Использование жанровой формы «восточной повести» для создания образа идеального монарха в «Почте духов» пока еще имеет характер традиционного литературного приема, однако уже и в письме сильфа Выспрепара заметен характерный сдвиг акцентов: восточная повесть изображала идеальных монархов как реально существующих, у Крылова же реальный монарх Могол только может стать таковым, если будет любить истину. В этом сдвиге акцентов – предвестие того пародийного разворота, который жанр восточной повести приобретет в публицистике Крылова начала 1790-х гг.

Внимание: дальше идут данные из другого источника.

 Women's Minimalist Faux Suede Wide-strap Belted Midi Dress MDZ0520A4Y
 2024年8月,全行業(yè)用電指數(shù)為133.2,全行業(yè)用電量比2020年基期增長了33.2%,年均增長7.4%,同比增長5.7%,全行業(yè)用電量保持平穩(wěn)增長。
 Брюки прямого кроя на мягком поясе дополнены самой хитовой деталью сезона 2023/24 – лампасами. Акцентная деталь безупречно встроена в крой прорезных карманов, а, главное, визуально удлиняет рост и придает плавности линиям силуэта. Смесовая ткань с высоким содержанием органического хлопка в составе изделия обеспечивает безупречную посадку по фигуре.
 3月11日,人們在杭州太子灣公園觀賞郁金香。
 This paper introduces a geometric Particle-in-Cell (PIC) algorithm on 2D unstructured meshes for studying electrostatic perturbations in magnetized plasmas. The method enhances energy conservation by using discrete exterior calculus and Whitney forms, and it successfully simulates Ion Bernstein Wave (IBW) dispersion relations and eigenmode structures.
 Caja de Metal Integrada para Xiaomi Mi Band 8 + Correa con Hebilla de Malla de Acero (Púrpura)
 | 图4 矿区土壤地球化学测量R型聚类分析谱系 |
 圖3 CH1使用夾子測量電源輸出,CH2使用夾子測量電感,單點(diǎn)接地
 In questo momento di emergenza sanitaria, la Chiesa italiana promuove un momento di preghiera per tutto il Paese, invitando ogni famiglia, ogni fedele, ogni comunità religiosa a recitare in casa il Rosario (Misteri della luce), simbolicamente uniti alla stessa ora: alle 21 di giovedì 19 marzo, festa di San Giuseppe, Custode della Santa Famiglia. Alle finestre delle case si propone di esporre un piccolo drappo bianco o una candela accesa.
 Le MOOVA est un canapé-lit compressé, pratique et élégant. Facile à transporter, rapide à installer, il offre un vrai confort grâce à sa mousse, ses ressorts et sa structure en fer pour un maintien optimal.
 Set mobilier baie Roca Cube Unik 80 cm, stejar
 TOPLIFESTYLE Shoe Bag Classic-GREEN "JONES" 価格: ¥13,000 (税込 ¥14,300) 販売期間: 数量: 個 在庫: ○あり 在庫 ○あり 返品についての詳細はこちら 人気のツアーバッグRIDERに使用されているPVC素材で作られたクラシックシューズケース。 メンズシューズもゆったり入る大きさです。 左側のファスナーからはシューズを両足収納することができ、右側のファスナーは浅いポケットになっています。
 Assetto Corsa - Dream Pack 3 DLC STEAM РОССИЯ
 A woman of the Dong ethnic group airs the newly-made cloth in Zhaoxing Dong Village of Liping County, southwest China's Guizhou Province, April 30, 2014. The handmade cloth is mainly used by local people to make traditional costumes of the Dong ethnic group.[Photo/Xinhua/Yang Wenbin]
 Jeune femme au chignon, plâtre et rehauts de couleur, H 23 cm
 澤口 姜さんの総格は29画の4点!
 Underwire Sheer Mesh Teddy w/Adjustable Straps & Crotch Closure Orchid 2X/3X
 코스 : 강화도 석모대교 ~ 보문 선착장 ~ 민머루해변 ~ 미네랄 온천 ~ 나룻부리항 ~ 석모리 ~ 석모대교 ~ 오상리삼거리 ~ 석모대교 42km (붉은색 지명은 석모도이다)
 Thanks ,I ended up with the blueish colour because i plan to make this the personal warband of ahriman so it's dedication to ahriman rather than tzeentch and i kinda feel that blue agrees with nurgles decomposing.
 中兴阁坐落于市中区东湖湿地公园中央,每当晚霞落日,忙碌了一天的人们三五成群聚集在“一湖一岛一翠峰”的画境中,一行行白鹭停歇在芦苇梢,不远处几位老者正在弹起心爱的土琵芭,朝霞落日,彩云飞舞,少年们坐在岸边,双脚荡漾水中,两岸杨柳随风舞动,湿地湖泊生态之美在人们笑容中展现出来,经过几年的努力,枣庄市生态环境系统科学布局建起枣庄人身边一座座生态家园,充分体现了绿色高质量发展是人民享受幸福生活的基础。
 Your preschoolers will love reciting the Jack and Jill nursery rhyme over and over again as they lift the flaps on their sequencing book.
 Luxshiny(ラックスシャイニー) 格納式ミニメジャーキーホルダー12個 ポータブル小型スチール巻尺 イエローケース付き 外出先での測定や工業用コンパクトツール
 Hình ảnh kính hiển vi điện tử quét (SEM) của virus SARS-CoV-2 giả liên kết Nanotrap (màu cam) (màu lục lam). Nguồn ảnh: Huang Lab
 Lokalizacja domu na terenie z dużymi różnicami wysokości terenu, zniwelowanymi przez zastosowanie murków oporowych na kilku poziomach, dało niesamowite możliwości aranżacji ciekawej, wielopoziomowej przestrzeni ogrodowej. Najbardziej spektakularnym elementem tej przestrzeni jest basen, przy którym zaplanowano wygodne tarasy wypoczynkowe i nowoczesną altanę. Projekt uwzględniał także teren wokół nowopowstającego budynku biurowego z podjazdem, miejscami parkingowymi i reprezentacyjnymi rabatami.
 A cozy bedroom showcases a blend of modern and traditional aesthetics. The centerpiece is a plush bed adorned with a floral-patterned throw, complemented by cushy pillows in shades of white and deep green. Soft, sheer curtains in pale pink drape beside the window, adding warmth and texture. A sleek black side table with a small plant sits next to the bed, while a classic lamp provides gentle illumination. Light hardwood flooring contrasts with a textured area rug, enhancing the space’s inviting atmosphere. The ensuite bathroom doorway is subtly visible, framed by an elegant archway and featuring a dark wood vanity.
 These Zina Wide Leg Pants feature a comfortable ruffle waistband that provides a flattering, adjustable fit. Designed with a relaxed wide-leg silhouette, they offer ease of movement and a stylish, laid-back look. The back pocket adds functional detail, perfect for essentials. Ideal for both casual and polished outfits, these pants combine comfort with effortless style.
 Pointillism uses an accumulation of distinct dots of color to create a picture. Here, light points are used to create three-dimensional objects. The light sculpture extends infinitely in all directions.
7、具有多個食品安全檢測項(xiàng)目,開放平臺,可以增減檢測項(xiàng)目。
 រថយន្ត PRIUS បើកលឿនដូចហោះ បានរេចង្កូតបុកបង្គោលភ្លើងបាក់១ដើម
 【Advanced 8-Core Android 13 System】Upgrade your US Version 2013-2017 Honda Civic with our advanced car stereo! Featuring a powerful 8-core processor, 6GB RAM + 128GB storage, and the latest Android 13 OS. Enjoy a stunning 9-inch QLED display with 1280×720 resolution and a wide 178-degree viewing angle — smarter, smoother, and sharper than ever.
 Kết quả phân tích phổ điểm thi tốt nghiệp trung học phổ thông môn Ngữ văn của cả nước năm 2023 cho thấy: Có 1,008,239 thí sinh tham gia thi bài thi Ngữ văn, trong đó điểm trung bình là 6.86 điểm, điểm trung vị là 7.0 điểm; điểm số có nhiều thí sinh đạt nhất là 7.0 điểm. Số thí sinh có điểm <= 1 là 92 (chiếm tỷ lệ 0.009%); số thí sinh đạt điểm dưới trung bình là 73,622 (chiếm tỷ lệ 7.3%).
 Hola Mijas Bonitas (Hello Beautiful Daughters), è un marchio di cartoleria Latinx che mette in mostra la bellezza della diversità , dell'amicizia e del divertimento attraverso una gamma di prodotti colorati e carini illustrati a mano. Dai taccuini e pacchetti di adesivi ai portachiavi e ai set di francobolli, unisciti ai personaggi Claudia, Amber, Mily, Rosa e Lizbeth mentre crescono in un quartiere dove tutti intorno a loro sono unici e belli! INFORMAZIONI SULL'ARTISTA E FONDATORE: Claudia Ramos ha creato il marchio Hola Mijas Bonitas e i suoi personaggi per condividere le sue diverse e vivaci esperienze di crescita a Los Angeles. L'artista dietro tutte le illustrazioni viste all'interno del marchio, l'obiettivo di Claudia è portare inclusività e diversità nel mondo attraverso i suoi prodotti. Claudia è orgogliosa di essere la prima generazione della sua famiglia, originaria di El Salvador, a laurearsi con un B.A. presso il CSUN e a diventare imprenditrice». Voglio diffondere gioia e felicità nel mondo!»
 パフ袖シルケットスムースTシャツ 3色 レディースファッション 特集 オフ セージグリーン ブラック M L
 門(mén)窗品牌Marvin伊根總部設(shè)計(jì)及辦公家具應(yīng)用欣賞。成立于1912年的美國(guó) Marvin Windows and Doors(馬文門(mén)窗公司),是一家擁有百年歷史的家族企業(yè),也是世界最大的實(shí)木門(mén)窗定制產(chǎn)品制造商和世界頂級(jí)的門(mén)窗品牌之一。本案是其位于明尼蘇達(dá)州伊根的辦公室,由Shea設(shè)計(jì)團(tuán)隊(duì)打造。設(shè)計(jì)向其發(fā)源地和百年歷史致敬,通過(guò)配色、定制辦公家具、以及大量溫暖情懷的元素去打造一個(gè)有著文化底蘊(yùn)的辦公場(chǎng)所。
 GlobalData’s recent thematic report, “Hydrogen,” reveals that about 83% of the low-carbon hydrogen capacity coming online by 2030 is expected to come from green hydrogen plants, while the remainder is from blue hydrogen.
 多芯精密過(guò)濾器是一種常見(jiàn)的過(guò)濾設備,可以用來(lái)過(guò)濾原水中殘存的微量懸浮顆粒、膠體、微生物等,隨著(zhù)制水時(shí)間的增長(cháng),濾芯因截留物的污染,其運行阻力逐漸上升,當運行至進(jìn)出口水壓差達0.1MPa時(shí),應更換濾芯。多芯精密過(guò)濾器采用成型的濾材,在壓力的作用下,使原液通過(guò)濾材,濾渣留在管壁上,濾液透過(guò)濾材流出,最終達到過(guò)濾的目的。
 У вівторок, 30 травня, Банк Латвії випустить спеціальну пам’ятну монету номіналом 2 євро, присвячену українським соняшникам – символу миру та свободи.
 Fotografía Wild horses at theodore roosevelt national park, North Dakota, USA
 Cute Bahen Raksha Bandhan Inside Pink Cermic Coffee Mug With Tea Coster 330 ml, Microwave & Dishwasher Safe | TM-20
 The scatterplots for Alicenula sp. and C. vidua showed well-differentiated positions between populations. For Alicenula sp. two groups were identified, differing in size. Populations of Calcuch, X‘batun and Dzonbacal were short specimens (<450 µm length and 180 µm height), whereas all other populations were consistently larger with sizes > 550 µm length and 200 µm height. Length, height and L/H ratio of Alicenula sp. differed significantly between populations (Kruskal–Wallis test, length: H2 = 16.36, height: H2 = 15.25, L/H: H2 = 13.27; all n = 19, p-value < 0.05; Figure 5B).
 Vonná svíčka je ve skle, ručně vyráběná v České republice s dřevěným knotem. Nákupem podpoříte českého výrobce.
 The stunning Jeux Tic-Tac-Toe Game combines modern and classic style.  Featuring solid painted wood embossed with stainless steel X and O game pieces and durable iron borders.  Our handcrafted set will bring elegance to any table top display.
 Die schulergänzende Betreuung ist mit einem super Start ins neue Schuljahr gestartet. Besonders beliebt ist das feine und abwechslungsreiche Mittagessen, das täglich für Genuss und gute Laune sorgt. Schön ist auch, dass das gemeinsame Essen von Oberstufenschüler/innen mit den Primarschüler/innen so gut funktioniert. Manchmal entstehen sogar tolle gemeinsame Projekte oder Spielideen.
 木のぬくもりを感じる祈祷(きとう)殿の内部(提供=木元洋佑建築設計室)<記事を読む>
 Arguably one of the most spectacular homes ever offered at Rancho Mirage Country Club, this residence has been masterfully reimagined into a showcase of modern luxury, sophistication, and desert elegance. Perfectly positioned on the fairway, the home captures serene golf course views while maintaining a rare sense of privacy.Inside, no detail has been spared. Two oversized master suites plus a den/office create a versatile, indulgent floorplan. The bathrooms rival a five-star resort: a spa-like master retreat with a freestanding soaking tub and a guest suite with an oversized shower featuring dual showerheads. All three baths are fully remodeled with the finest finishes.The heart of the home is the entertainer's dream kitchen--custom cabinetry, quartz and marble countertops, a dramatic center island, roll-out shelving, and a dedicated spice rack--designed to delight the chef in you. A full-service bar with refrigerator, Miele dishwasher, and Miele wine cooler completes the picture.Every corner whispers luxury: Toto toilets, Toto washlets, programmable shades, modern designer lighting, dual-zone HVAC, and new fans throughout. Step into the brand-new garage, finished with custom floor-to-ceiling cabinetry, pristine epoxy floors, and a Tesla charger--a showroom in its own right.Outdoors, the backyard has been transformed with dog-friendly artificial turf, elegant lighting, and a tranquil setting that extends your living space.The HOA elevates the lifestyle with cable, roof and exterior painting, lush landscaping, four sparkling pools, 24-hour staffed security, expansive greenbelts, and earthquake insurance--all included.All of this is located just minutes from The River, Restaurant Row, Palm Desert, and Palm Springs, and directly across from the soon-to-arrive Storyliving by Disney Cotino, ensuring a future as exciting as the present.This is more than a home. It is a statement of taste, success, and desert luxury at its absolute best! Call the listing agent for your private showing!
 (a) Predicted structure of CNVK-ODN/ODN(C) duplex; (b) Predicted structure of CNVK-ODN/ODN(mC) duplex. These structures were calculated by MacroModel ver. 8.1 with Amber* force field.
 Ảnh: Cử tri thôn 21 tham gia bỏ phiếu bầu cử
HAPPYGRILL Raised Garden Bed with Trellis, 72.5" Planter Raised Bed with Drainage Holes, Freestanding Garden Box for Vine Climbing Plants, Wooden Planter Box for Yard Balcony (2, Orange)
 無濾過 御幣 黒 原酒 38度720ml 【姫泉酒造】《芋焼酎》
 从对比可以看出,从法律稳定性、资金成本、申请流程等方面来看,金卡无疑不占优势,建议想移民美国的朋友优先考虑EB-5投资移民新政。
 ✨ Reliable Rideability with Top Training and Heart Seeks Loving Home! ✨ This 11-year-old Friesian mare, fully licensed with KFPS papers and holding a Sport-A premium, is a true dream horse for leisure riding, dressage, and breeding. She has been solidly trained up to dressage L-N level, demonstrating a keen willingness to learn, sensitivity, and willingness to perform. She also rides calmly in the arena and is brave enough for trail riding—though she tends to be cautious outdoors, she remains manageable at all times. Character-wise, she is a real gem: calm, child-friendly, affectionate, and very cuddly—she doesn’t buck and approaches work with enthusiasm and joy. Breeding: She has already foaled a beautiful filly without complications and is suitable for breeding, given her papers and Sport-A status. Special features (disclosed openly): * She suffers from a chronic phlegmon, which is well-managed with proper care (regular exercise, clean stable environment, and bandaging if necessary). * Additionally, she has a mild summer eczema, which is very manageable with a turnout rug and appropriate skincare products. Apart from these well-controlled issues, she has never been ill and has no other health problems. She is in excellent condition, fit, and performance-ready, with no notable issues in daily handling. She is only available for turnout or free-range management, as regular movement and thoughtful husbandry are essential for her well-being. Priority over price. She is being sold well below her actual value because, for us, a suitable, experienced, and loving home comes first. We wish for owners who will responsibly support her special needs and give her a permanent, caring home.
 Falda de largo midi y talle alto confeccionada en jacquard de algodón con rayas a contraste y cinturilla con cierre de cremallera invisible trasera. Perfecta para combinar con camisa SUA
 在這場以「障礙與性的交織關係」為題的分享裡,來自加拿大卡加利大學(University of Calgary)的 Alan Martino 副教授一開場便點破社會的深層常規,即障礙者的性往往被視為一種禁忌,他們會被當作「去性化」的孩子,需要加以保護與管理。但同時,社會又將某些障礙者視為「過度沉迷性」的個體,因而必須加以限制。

Что же касается бытописательных писем гномов, то и здесь мы можем наблюдать ту же картину усвоения национальной сатирической традиции на всем протяжении ее развития от Кантемира до Фонвизина. В «Почте духов» постоянно идет игра литературных ассоциаций и скрытых отсылок к творчеству предшественников. Так, весь бытовой сюжет первой части «Почты духов» – история женитьбы петиметра Припрыжкина – выстроен на узнаваемых мотивах и приемах национальной сатирической традиции, особенно очевидной в рассказе Припрыжкина гному Зору об исполнении трех заветных желаний (письмо XVII):
«Поздравь меня, любезный друг, ‹…› с тем, что я сыскал цуг лучших аглинских лошадей, прекрасную танцовщицу и невесту, а что еще более, так мне обещали прислать чрез несколько дней маленького прекрасного мопса; вот желания, которые давно уже занимали мое сердце! ‹…› О, я только между ими стану разделять мое сердце! ‹…› Поздравляю тебя, любезный друг, ‹…› более всего с невестою; я уверен, что ты не ошибся в твоем выборе». «Конечно, – сказал он, – лошади самые лучшие аглинские!» (I;118).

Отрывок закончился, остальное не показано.